International airport serving Ciudad Victoria, Tamaulipas, Mexico

Ciudad Victoria International Airport (Aeropuerto Internacional de Ciudad Victoria); officially Aeropuerto Internacional General Pedro José Méndez (General Pedro José Méndez International Airport) is an international airport located in Güémez, Tamaulipas, Mexico. It handles air traffic of the city of Ciudad Victoria, serving domestic flights and supporting cargo operations and various executive and general aviation activities. Operated by Grupo Olmeca-Maya-Mexica (GAFSACOMM), a holding company owned by the Mexican military, the airport was named after Pedro José Méndez, a distinguished military figure from Tamaulipas. In 2025, the airport handled 15,163 passengers.

==Facilities==

The airport is situated at an elevation of 232 m above mean sea level, covering an area of 388 ha. It features a single asphalt runway, designated as 15/33, measuring 2200 m. The commercial aviation apron spans 16200 m2, featuring three parking positions for narrow-body aircraft and additional stands for general aviation. Official operating hours are from 7:00 to 19:00.

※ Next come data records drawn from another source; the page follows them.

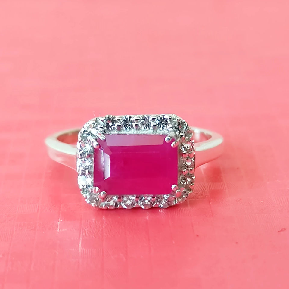 แหวน925ประดับพลอยรูปแปดเหลี่ยมและทับทิมสีขาวดีไซน์ล่าสุดสำหรับงานแต่งงานขายส่งแหวนพลอยรูปแปดเหลี่ยมสำหรับผู้หญิงคุณภาพสูง
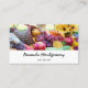 Visitenkarten mit einem Foto von einem Tisch gefüllt mit Natur bounty. Set mit Cornucopia, bunt geerntetes Gemüse und Obst.
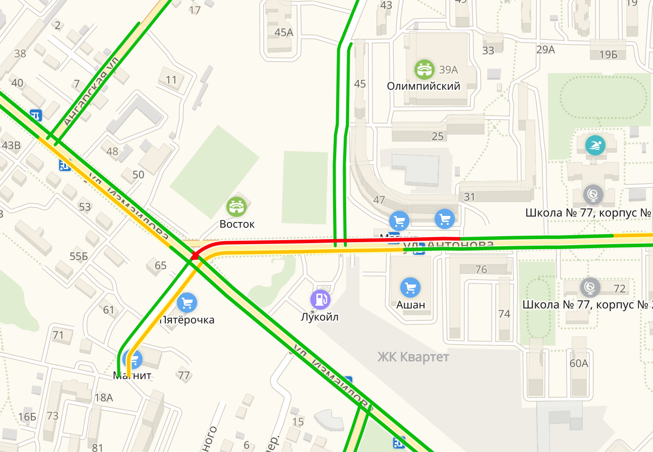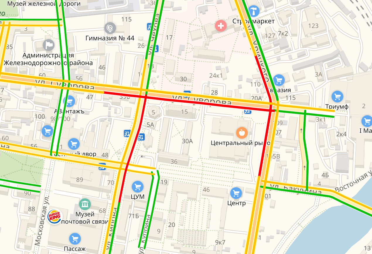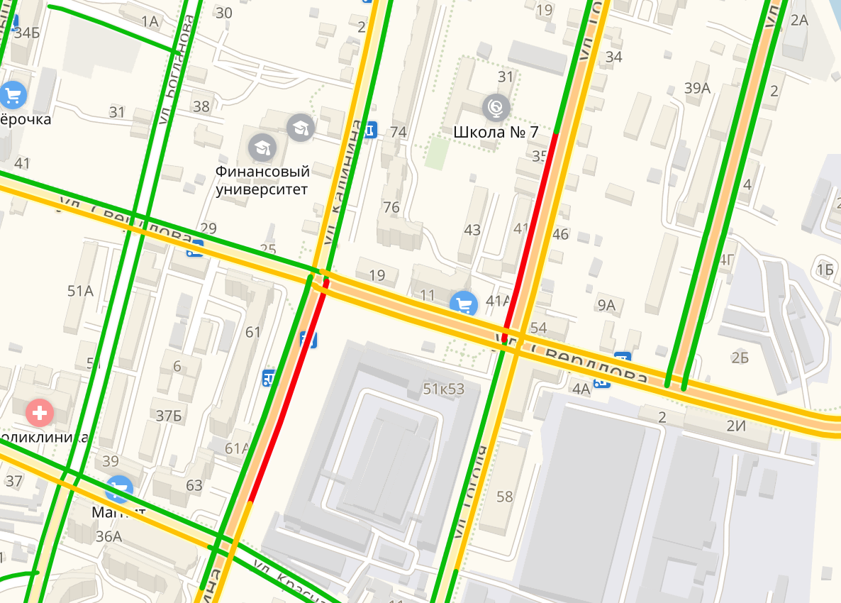 По данным сервиса Яндекс.Карты, снижена скорость автомобилей на улицах Урицкого, Суворова и Кирова.
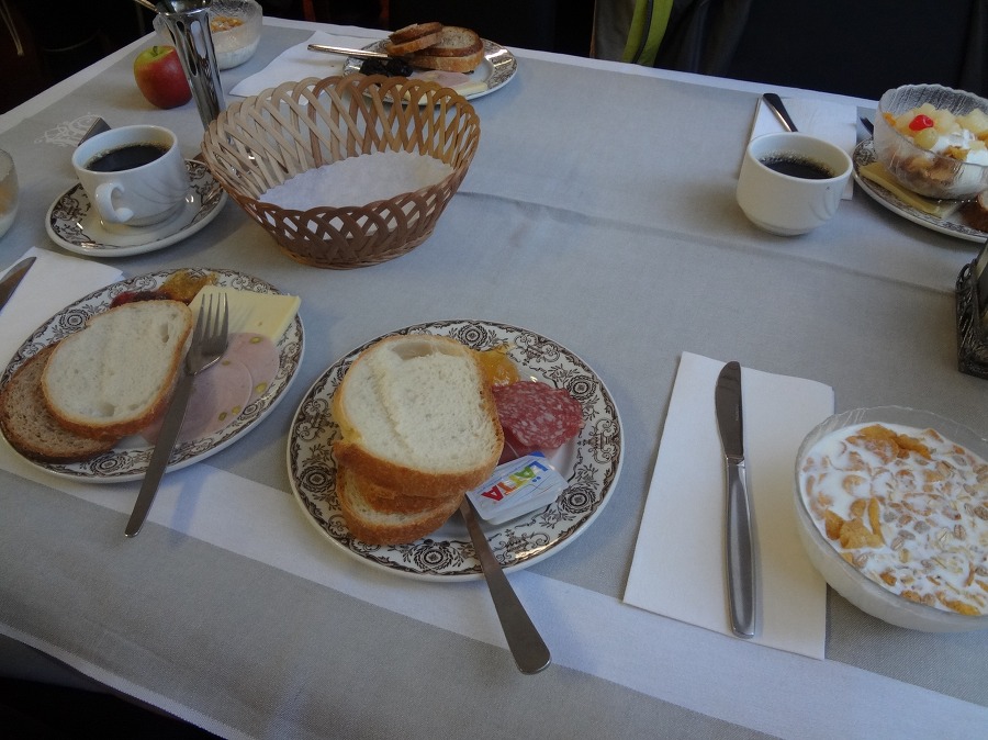 일어나 레스토랑으로 내려가서는 뷔페식 아침 을 먹는데 질과 양 모두 훌륭합니다!
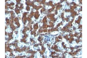 1. Staining of formalin-fixed tissues requires boiling tissue sections in 10 mM Citrate Buffer, pH 6.0, for 10-20 min followed by cooling at RT for 20 minutes
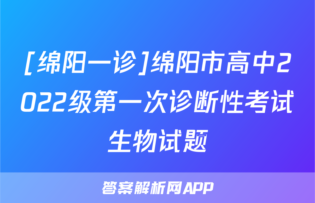 [绵阳一诊]绵阳市高中2022级第一次诊断性考试生物试题正在持续更新,目前2025届国考1号答案网为大家整理了相关试题及答案,供大家查缺补漏,高效提升成绩。
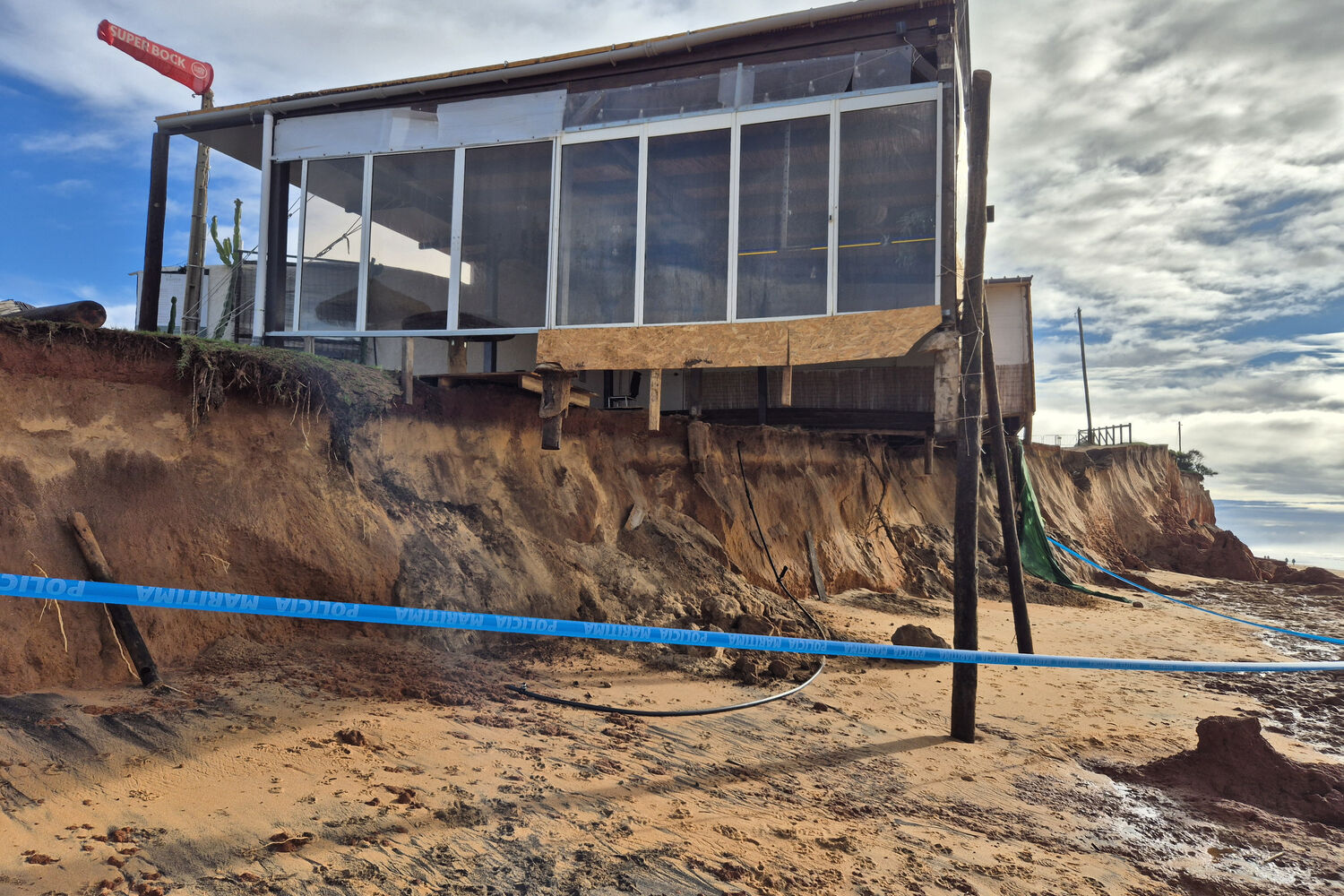 Devido ao avanço da maré, que levou muita da areia que havia junto ao restaurante, a estrutura ficou praticamente à mercê da forte ondulação.
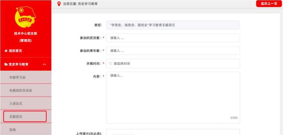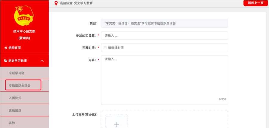 点击默认界面左上角“录入”按钮,进入“录入”界面。根 据专题学习会内容,在“专题”下拉菜单中选择“新民主主义革 命专题”、“社会主义革命和建设专题”、“改革开放专题”、“中国 特色社会主义新时代专题”相应专题,并依次录入专题学习会“参 加的团员数”、“参加的青年数”,选择“开展时间”,在“内容” 栏填写简要情况。可结合实际上传图片资料(非必须,下同), 点击“确定”即完成记载。
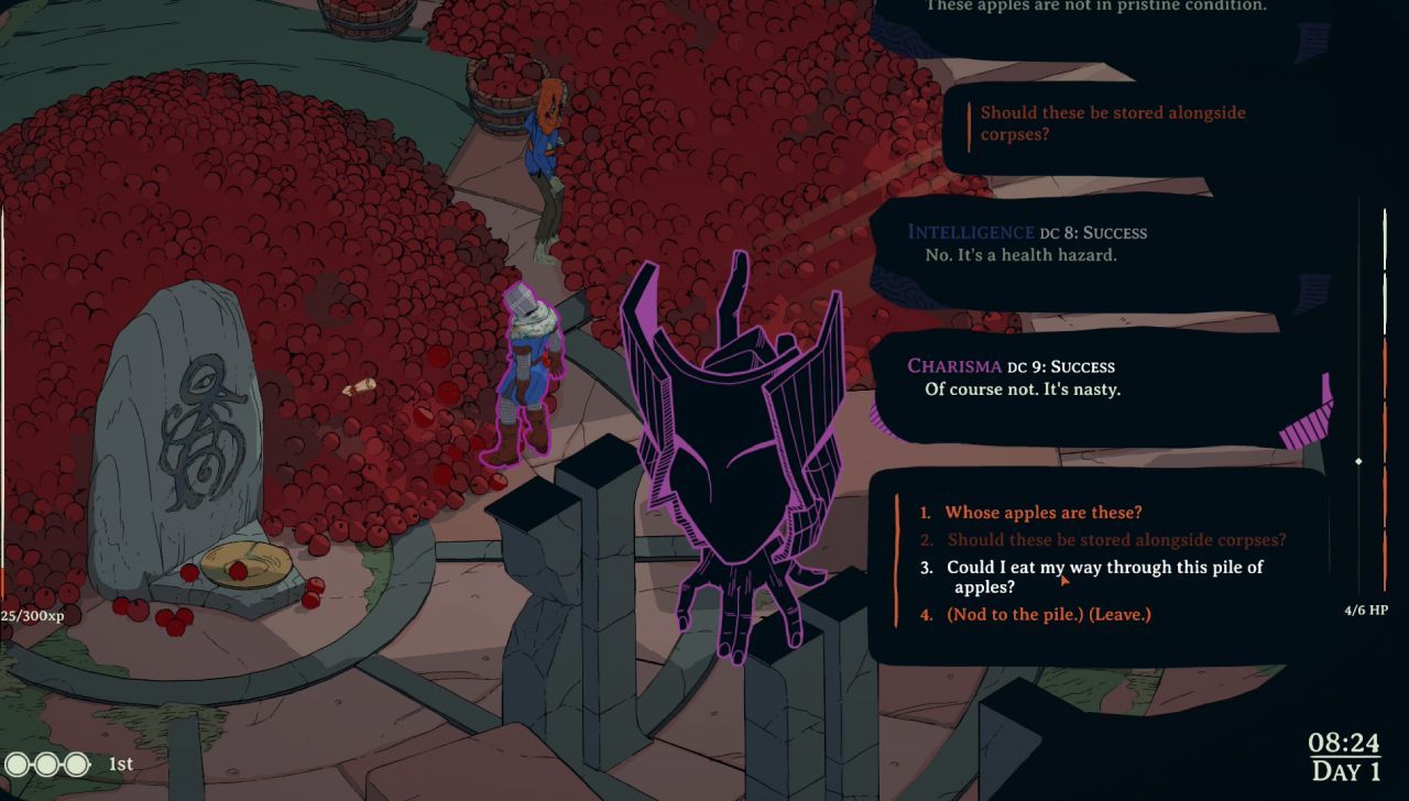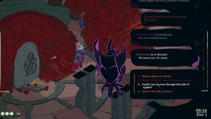 And yes, Esoteric Ebb is intentionally weird. The game leans into absurdity, dark humor, surreal moments, and bizarre choices, like eating a giant pile of rotten apples just to see what’s under them. As the dev described it himself: “Become the most interesting player at the table and completely ruin your DM’s day.”

The passenger terminal caters to both domestic arrivals and departures in a single-story structure. It includes check-in areas, a security checkpoint, a baggage claim area, and an arrivals hall with car rental services, taxi stands, and several retail stores. The departures concourse includes two gates with direct access to the apron, allowing passengers to board their planes by walking to the aircraft. Adjacent facilities include a dedicated general aviation terminal with parking areas, hangars, administration offices, and courier and logistic facilities.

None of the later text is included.